[Paper] Function-Space Decoupled Diffusion for Forward and Inverse Modeling in Carbon Capture and Storage
Source: arXiv - 2602.12274v1
Overview
A new generative framework called Fun‑DDPS tackles one of the toughest challenges in carbon capture and storage (CCS): reliably predicting how CO₂ moves underground when we only have a handful of noisy measurements. By marrying a diffusion‑based prior over geological models with a fast neural‑operator surrogate of the physics, the authors achieve dramatically better forward predictions and a principled way to invert for hidden subsurface properties.
Key Contributions
- Function‑space diffusion prior that learns a realistic distribution of geological parameters (e.g., permeability fields) from a single training channel.

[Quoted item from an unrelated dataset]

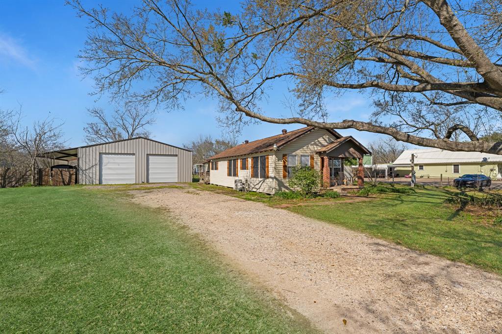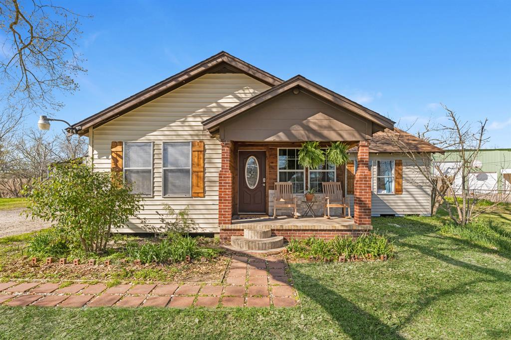 Nestled on 2.5 acres, this charming 4 bed, 2 bath home boasts a spacious shop and dual driveway access! The property is fully fenced and cross fenced, offering ample privacy and space for all your needs! Mature trees and outbuildings dot the expansive property! Cedar, brick and stone accents adorn the front porch for a warm welcome! Inside, neutral colors and solid wood accents create a cozy atmosphere. Living space opens to a dining area leading to the galley-style kitchen! Split floor plan with a flex space currently used as an additional living area just off the third bedroom! Natural light floods the home! Enjoy comfort and space here!

- Local Neural Operator (LNO) surrogate that provides differentiable, physics‑consistent gradients for conditioning the diffusion model on observed flow data.
- Decoupled forward/inverse pipeline that separates the learning of the prior (parameter space) from the data‑assimilation step (state space), avoiding the high‑frequency artifacts seen in joint‑state approaches.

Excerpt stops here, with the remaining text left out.